• _WORK TO COMPLETE_: Line by line, the data below should be set down unchanged, with images excluded.
DATA LISTING: Begin
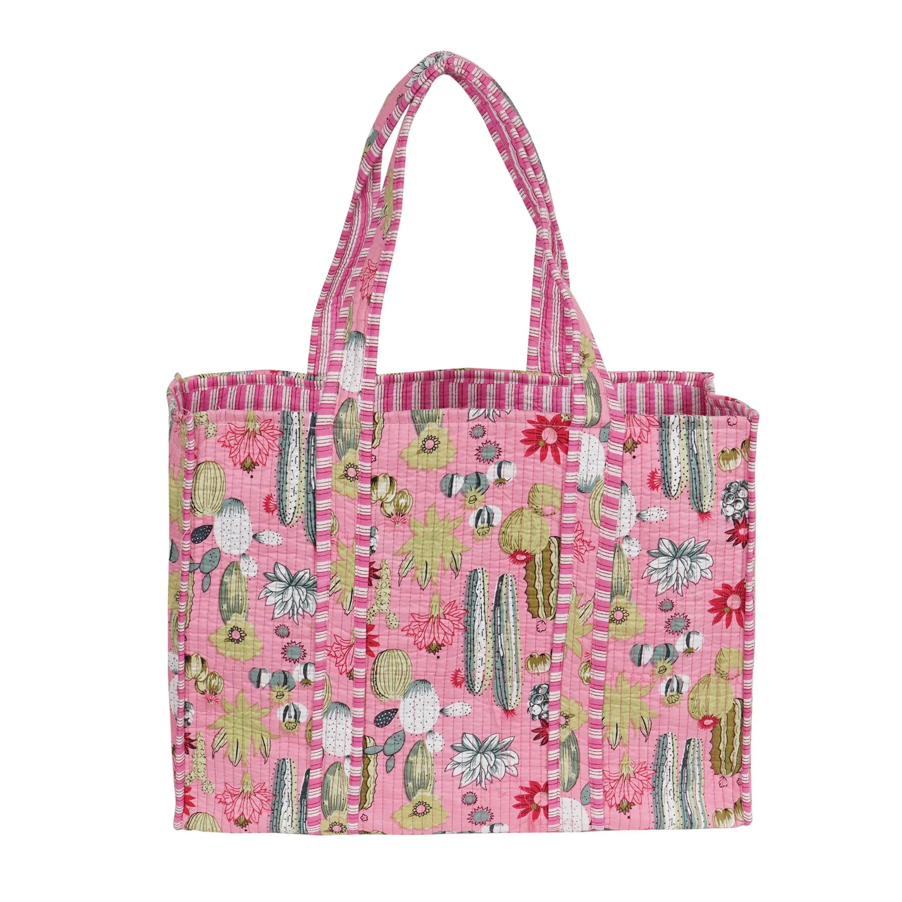 The soft, comfortable shoulder straps are designed for extended wear, making this tote perfect for long shopping trips, beach days, or any adventure where you need reliable, comfortable carrying. The quilted cotton construction provides structure while maintaining flexibility.
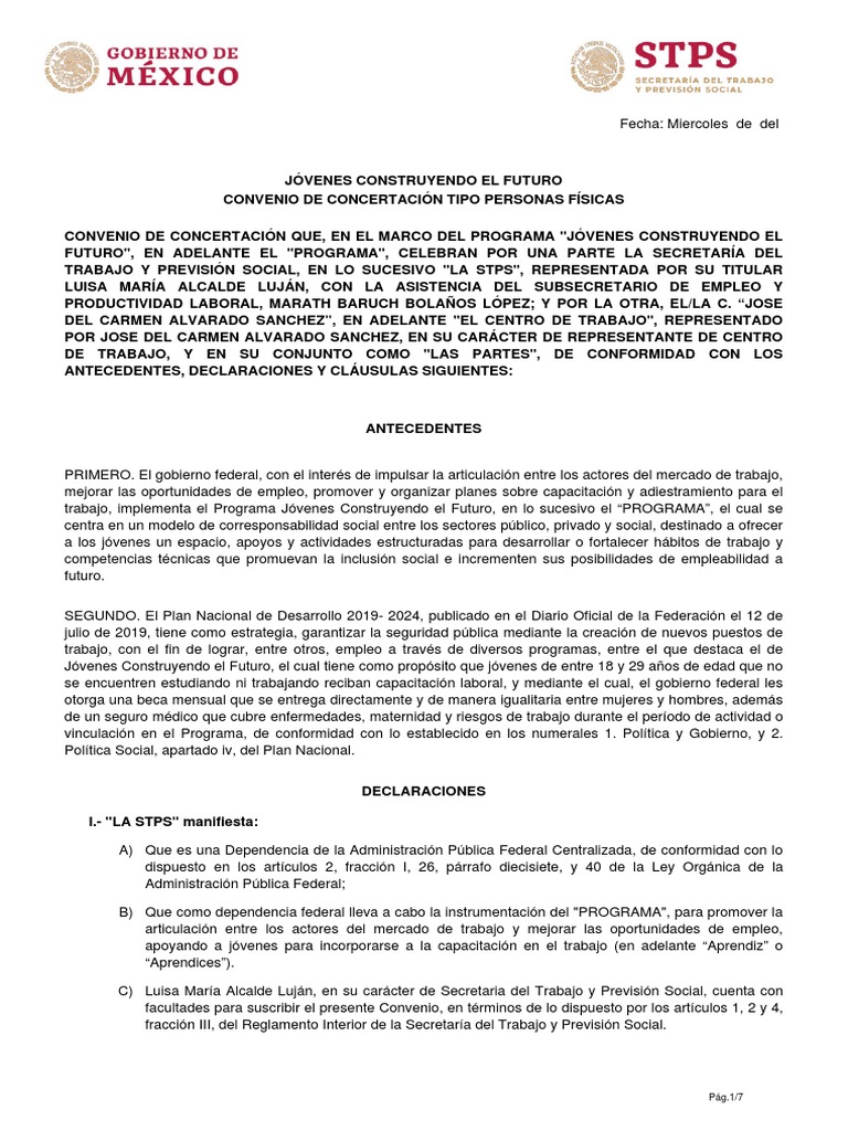 CONVENIO DE CONCERTACIÓN TIPO PERSONAS FÍSICAS
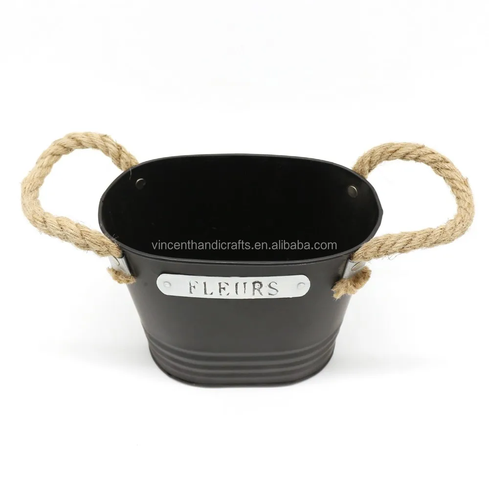 Primitive Matt Black Metal Tin Planter with Hemp Rope handle, Rustic Oval Metal Flower Pot Garden Bucket for Indoor or Outdoor Décor. 7-1/2 X 4-1/4 X 5-1/2 Inch
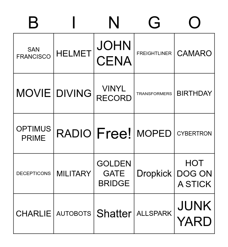 This bingo card has a free space and 29 words: BUMBLEBEE, AUTOBOTS, JOHN CENA, MEMO, CAMARO, SAN FRANCISCO, DIVING, VINYL RECORD, MOPED, HOT DOG ON A STICK, CHARLIE, RADIO, ALLSPARK, JUNK YARD, OPTIMUS PRIME, CORVETTE, Shatter, Dropkick, BIRTHDAY, DECEPTICONS, MILITARY, VW, TRANSFORMERS, CYBERTRON, MOVIE, HELMET, GOLDEN GATE BRIDGE, FREIGHTLINER and OTIS.
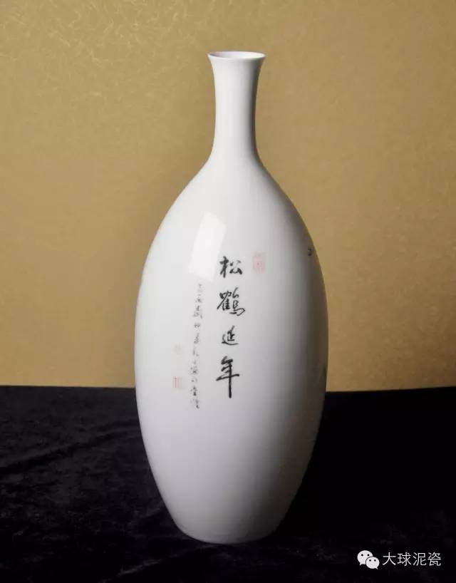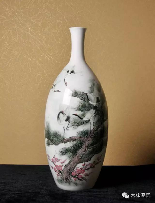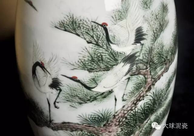 此《松鶴延年》瓶由藝美術大師孫新水先生(已故)于2005年創(chuàng)作,是其優(yōu)秀代表作品之一。采用釉下五彩的工藝,瓶高40cm,器型規(guī)整,肩、底略收,顯示出沉穩(wěn)大氣之風。頸部拉長,堅韌挺拔,提升了整個作品的氣勢和腔調。畫面中一枝勁松虬身宛轉,松針茂密。枝干上立著三只仙鶴,神采飛揚,精神飽滿,栩栩如生。其窈窕而立的風姿,宛若仙人?罩械膬芍幌生Q雙翅張開,自在從容地飛翔在天空中,目光如炬,直視前方,給人一種安定、祥和的感覺。松樹旁幾株梅花開放,顏色艷麗卻又不失雅致。整幅畫面呈現(xiàn)出一種靈活生動,淡妝濃抹總相宜的舒適感,讓人愛不釋手。
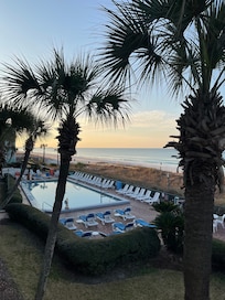 På en privat strand med utendørsbasseng, nær Shipwreck Island vannpark
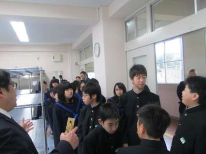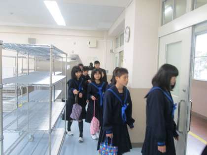 明日からの給食に備えて、1年生はさっそく配膳室がどこにあるか確認を行いました。
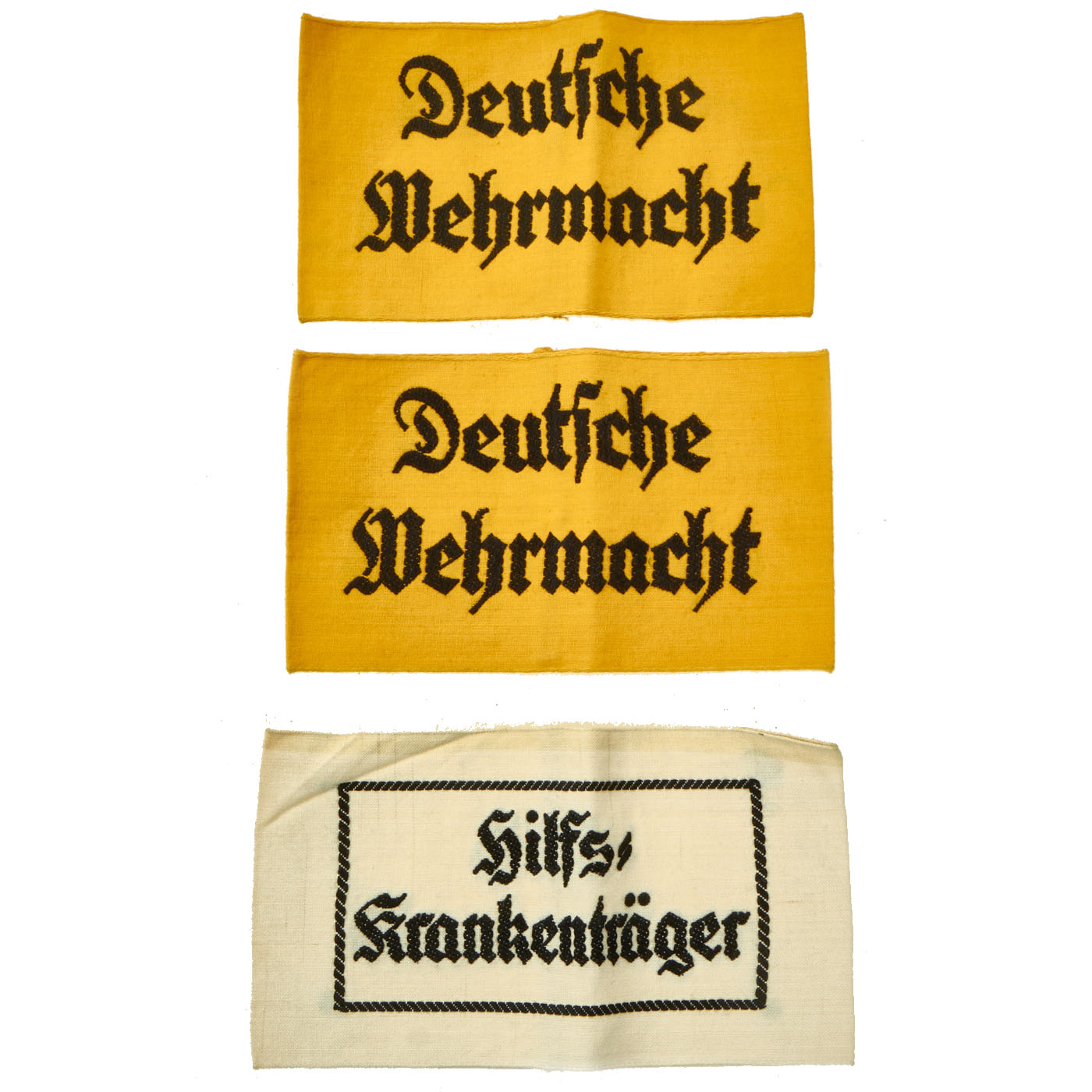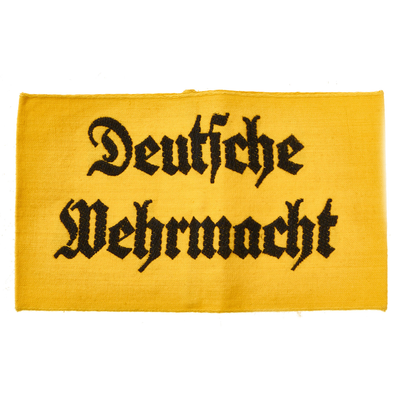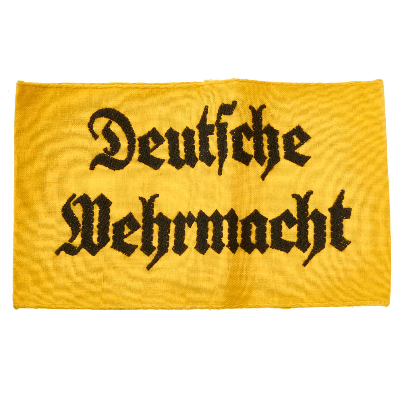 - x2 Deutsche Wehrmacht Embroidered Armbands: The yellow Deutsche Wehrmacht armband was worn by uniformed German personnel, who were attached to the Armed Forces during WWII. Often, these were worn by men of the Reichsarbeitsdienst and Reichsbahn who were operating with the German Army in the occupied countries. It has a textbook BeVO woven insignia. There are no stamps on either armband and they are both in wonderful condition.
DATA LISTING: End
• _TASK SOLUTION_:
 The soft, comfortable shoulder straps are designed for extended wear, making this tote perfect for long shopping trips, beach days, or any adventure where you need reliable, comfortable carrying. The quilted cotton construction provides structure while maintaining flexibility.
 CONVENIO DE CONCERTACIÓN TIPO PERSONAS FÍSICAS
 Primitive Matt Black Metal Tin Planter with Hemp Rope handle, Rustic Oval Metal Flower Pot Garden Bucket for Indoor or Outdoor Décor. 7-1/2 X 4-1/4 X 5-1/2 Inch
 This bingo card has a free space and 29 words: BUMBLEBEE, AUTOBOTS, JOHN CENA, MEMO, CAMARO, SAN FRANCISCO, DIVING, VINYL RECORD, MOPED, HOT DOG ON A STICK, CHARLIE, RADIO, ALLSPARK, JUNK YARD, OPTIMUS PRIME, CORVETTE, Shatter, Dropkick, BIRTHDAY, DECEPTICONS, MILITARY, VW, TRANSFORMERS, CYBERTRON, MOVIE, HELMET, GOLDEN GATE BRIDGE, FREIGHTLINER and OTIS.
 此《松鶴延年》瓶由藝美術大師孫新水先生(已故)于2005年創(chuàng)作,是其優(yōu)秀代表作品之一。采用釉下五彩的工藝,瓶高40cm,器型規(guī)整,肩、底略收,顯示出沉穩(wěn)大氣之風。頸部拉長,堅韌挺拔,提升了整個作品的氣勢和腔調。畫面中一枝勁松虬身宛轉,松針茂密。枝干上立著三只仙鶴,神采飛揚,精神飽滿,栩栩如生。其窈窕而立的風姿,宛若仙人?罩械膬芍幌生Q雙翅張開,自在從容地飛翔在天空中,目光如炬,直視前方,給人一種安定、祥和的感覺。松樹旁幾株梅花開放,顏色艷麗卻又不失雅致。整幅畫面呈現(xiàn)出一種靈活生動,淡妝濃抹總相宜的舒適感,讓人愛不釋手。
 På en privat strand med utendørsbasseng, nær Shipwreck Island vannpark
 明日からの給食に備えて、1年生はさっそく配膳室がどこにあるか確認を行いました。
 - x2 Deutsche Wehrmacht Embroidered Armbands: The yellow Deutsche Wehrmacht armband was worn by uniformed German personnel, who were attached to the Armed Forces during WWII. Often, these were worn by men of the Reichsarbeitsdienst and Reichsbahn who were operating with the German Army in the occupied countries. It has a textbook BeVO woven insignia. There are no stamps on either armband and they are both in wonderful condition.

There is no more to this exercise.